In other words, I thought that weak_ptr is supposed to be able to store the value of a shared_ptr in non-owning manner and then restore that original value later, when locked. Assuming the pointed object is still alive, of course.

Reality

Obviously I was wrong, as the following test turned out to fail the assertion:

void test()
{
    int                       x = 42;
    std::shared_ptr<int>      empty_but_nonnull{std::shared_ptr<char>{}, &x};
    foo(empty_but_nonnull);
}

Wording and test explained

shared_ptr can own one object, but store a pointer to some other object.
shared_ptr is called empty if it owns no object.
shared_ptr is called null if it points to no object.

A shared_ptr can be empty, but non-null. Such behavior is explicitly mentioned and allowed by the standard:

[util.smartptr.shared.const]:
17. [Note 2: This constructor allows creation of an empty shared_­ptr instance with a non-null stored pointer. — end note]

Empty but non-null shared_ptr can be dereferenced, it is implicitly converted to true in conditional expressions, etc. No mention of the program being ill-formed whatsoever. So it seems to be perfectly legit and usable. It just says: "I'm pointing to an object that doesn't require any lifetime management, possibly to a global object with static storage duration, so what?".

However, an empty weak_ptr cannot be non-null. It is explicitly required by the standard to be null (emphasis mine):

[util.smartptr.weak.const]:
4. template<class Y> weak_ptr(const shared_ptr<Y>& r) noexcept;
Effects: If r is empty, constructs an empty weak_­ptr object that stores a null pointer value

Which means that constructing a weak_ptr from an empty shared_ptr loses the pointer stored in original shared_ptr, forcing every empty weak_ptr to be null. After that, any attempt to reconstruct the original shared_ptr would obviously fail.

The Question

What's the rationale behind the emphasized part of the quoted clause on weak_ptr? Why shouldn't weak_ptr store the same pointer as the original shared_ptr?

It's just that my original naive thinking doesn't seem that illogical to me...

---

Edit: Example edited to eliminate any possible exception and undefined behavior.

Answer 1

shared_ptr<T> hold a pointer to a T and owns some object of type U which may or may not be the same as T. This feature exist to allow the shared_ptr<T> to point to some object that is a component of the U object that it owns. For example, you can create a shared_ptr<derived_class> and convert it to a shared_ptr<base_class> while still owning a derived_class. Or you can have a shared_ptr<some_struct> and create a shared_ptr<some_structs_member> which still owns a some_struct. Being able to do these things is the feature's purpose.

You will note that in the above cases, the object being pointed to is owned by the object being owned. That is, if the owned U object is destroyed, the T pointer held by the shared_ptr is no longer valid.
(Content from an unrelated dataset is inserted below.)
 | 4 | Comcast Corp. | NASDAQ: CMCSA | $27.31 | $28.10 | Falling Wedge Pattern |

weak_ptr<T> is not a tool that is meant to be used to reconstitute a shared_ptr<T>. It is a tool that has one purpose: if a shared_ptr still exists which owns the memory weakly owned by the weak_ptr<T>, then you may extract a shared_ptr<T> from it.
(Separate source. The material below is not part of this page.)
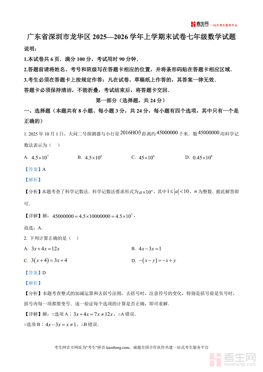 《精品解析:广东省深圳市龙华区2025—2026学年上学期末试卷七年级数学试题(解析版).docx》是一份针对龙华区七年级上学期数学期末考编写的高质量真题解析资料。其核心内容覆盖试卷全题型(选择题、填空题、解答题共三大模块),每道题配备精准答案及深度解析——包含考点定位(如科学记数法、整式运算、方位角计算等核心知识点)、详细解题步骤、易错点提示与思路拓展。特色亮点在于严格贴合龙华区本地教学进度与考纲要求,解析过程注重逻辑推导与方法总结,帮助使用者理解考点本质而非机械记忆。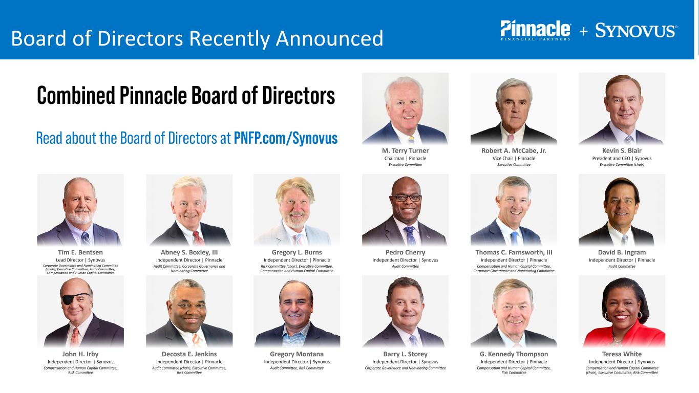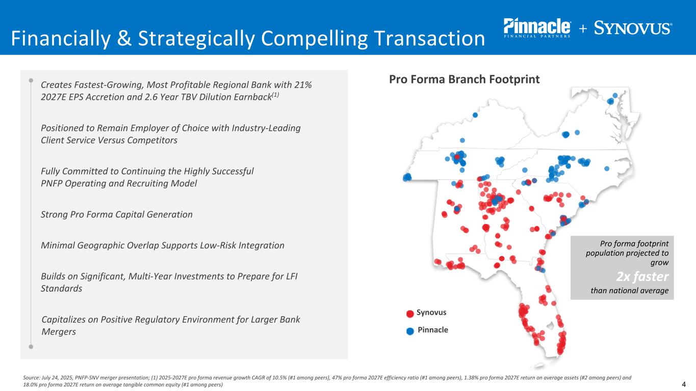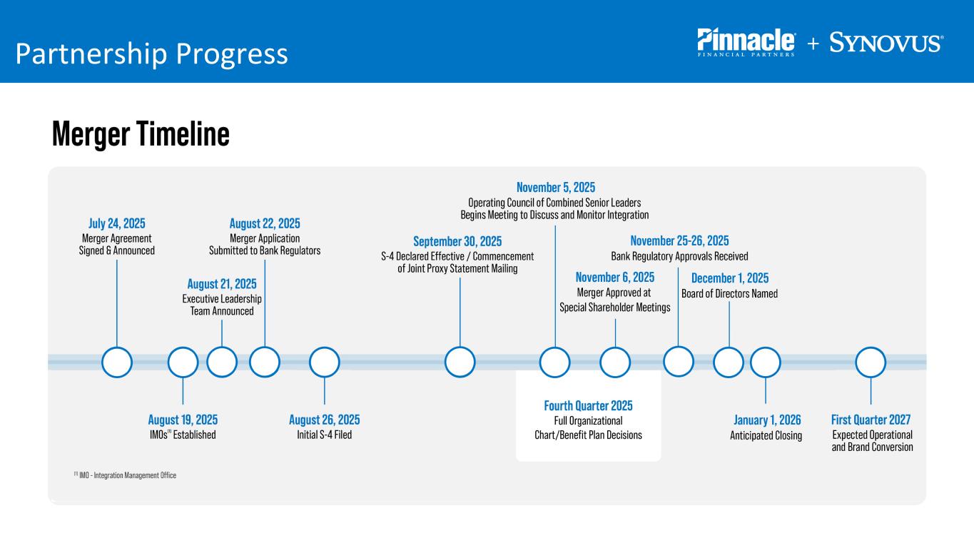 2 This communication contains statements that constitute “forward-looking statements” within the meaning of, and subject to the protections of, Section 27A of the Securities Act of 1933, as amended, and Section 21E of the Securities Exchange Act of 1934, as amended. All statements other than statements of historical fact are forward-looking statements. These forward-looking statements include, but are not limited to, statements about the benefits of the proposed transaction between Synovus Financial Corp. (“Synovus”) and Pinnacle Financial Partners, Inc. (“Pinnacle”), including future financial and operating results (including the anticipated impact of the proposed transaction on Synovus’ and Pinnacle’s respective earnings and tangible book value), statements related to the expected timing of the completion of the proposed transaction, the combined company’s plans, objectives, expectations and intentions, and other statements that are not historical facts. You can identify these forward-looking statements through the use of words such as “believes,” “anticipates,” “expects,” “may,” “will,” “assumes,” “should,” “predicts,” “could,” “would,” “intends,” “targets,” “estimates,” “projects,” “plans,” “potential” and other similar words and expressions of the future or otherwise regarding the outlook for Synovus’, Pinnacle’s or combined company’s future businesses and financial performance and/or the performance of the banking industry and economy in general. Prospective investors are cautioned that any such forward-looking statements are not guarantees of future performance and involve known and unknown risks and uncertainties which may cause the actual results, performance or achievements of Synovus, Pinnacle or the combined company to be materially different from the future results, performance or achievements expressed or implied by such forward-looking statements. Forward-looking statements are based on the information known to, and current beliefs and expectations of, Synovus or Pinnacle and are subject to significant risks and uncertainties. Actual results may differ materially from those contemplated by such forward-looking statements. A number of factors could cause actual results to differ materially from those contemplated by the forward-looking statements in this communication. Many of these factors are beyond Synovus’, Pinnacle’s or the combined company’s ability to control or predict. These factors include, among others, (1) the risk that the cost savings and synergies from the proposed transaction may not be fully realized or may take longer than anticipated to be realized, (2) disruption to Synovus’ business and to Pinnacle’s business as a result of the announcement and pendency of the proposed transaction, (3) the risk that the integration of Pinnacle’s and Synovus’ respective businesses and operations will be materially delayed or will be more costly or difficult than expected, including as a result of unexpected factors or events, (4) the failure to obtain the necessary approvals by the shareholders of Synovus or Pinnacle, (5) the amount of the costs, fees, expenses and charges related to the transaction, (6) the ability by each of Synovus and Pinnacle to obtain required governmental approvals of the proposed transaction on the timeline expected, or at all, and the risk that such approvals may result in the imposition of conditions that could adversely affect the combined company after the closing of the proposed transaction or adversely affect the expected benefits of the proposed transaction, (7) reputational risk and the reaction of each company’s customers, suppliers, employees or other business partners to the proposed transaction, (8) the failure of the closing conditions in the merger agreement to be satisfied, or any unexpected delay in closing the proposed transaction or the occurrence of any event, change or other circumstances that could give rise to the termination of the merger agreement, (9) the dilution caused by the issuance of shares of the combined company’s common stock in the transaction, (10) the possibility that the proposed transaction may be more expensive to complete than anticipated, including as a result of unexpected factors or events, (11) risks related to management and oversight of the expanded business and operations of the combined company following the closing of the proposed transaction, (12) the possibility the combined company is subject to additional regulatory requirements as a result of the proposed transaction or expansion of the combined company’s business operations following the proposed transaction, (13) the outcome of any legal or regulatory proceedings or governmental inquiries or investigations that may be currently pending or later instituted against Synovus, Pinnacle or the combined company and (14) general competitive, economic, political and market conditions and other factors that may affect future results of Synovus and Pinnacle including changes in asset quality and credit risk; the inability to sustain revenue and earnings growth; changes in interest rates and capital markets; inflation; customer borrowing, repayment, investment and deposit practices; the impact, extent and timing of technological changes; and capital management activities. Additional factors which could affect future results of Synovus and Pinnacle can be found in Synovus’ or Pinnacle’s filings with the Securities and Exchange Commission (the “SEC”), including in Synovus’ Annual Report on Form 10-K for the year ended December 31, 2024, under the captions “Forward-Looking Statements” and “Risk Factors,” and Synovus’ Quarterly Reports on Form 10-Q and Current Reports on Form 8-K, and Pinnacle’s Annual Report on Form 10-K for the year ended December 31, 2024, under the captions “Forward-Looking Statements” and “Risk Factor

weak_ptr<T>::lock does not care about the T pointer (it does preserve it, but it doesn't care about it); it only cares about ownership. Successfully locking a weak_ptr means that the object being managed is still alive. And the only definition of "successfully locking" is whether the shared_ptr<T> is nullptr. With the exception of use_count there is no observable difference between a non-null shared_ptr<T> that owns a U and a non-null shared_ptr<T> that doesn't own a U.

Remember: the expectation is that the T being stored is an object that is owned by U. Therefore, if a weak_ptr<T> is going to claim weak ownership over a shared_ptr<T>, and it finds that the shared_ptr<T> does not own anything... it assumes that the T is also destroyed. Because that's what the feature is for.
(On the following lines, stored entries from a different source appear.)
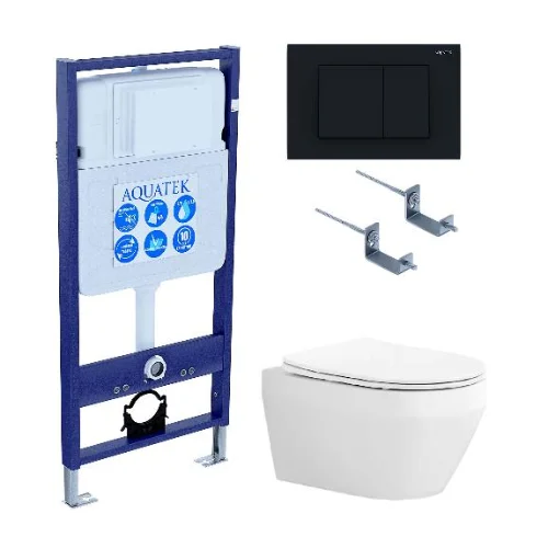 Инсталляция для унитаза Aquatek INS-0000012, унитаз подвесной Aquatek Лея AQ1199-00 с крышкой soft-close, панель смыва Aquatek KDI-0000012, комплект крепления Aquatek KKI-0000002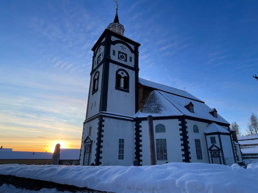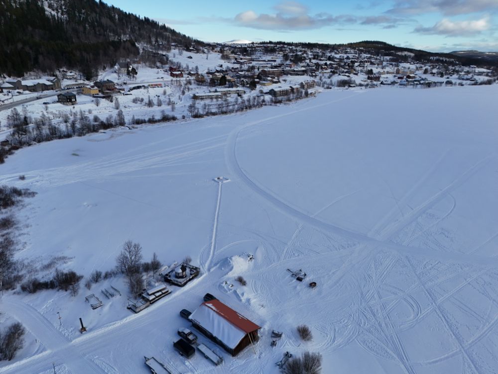Ein kleiner Weiler mitten in der Natur direkt am See Femunden. Ein paar Häuser, ein kleiner Supermarkt, ein Café, ein Restaurant, ein kleiner Fährhafen und naürlich eine Kirche. Der Campingplatz liegt etwas ausserhalb und bei der Fahrt durch das kleine Dorf sehen wir gerade einen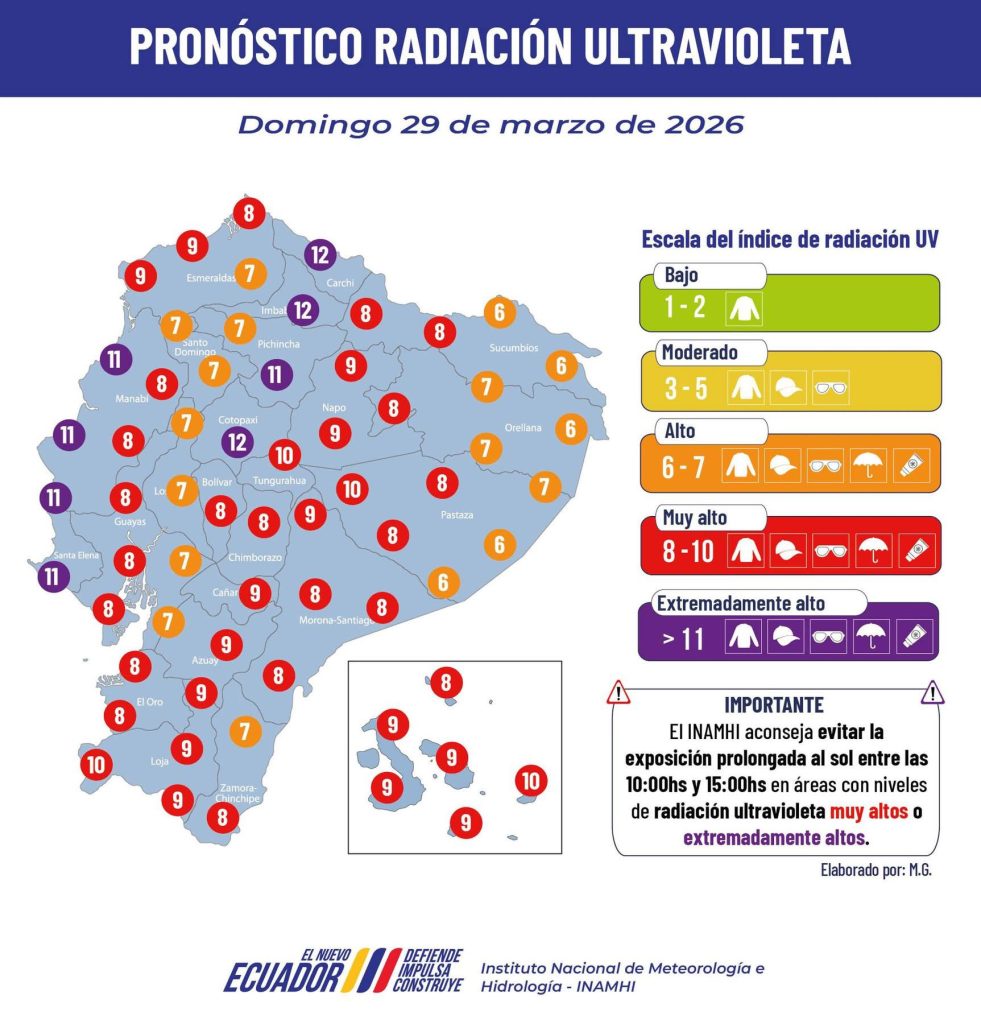 ☀️ Radiación UV muy alta a extremadamente alta, evita exposición prolongada al sol.

Now, could the constructor of shared_ptr<T> from a shared_ptr<U> also check to see if the shared_ptr<U> it is given actually owns something and throw an exception in that case? It could, but C++ is not a safe language. Furthermore, the only exceptions shared_ptr<T> constructors emit (other than implementation-defined ones) are from failure to allocate memory or failure to lock a weak_ptr<T>.

So at the end of the day, the standard assumes you know what you're doing when creating the shared_ptr.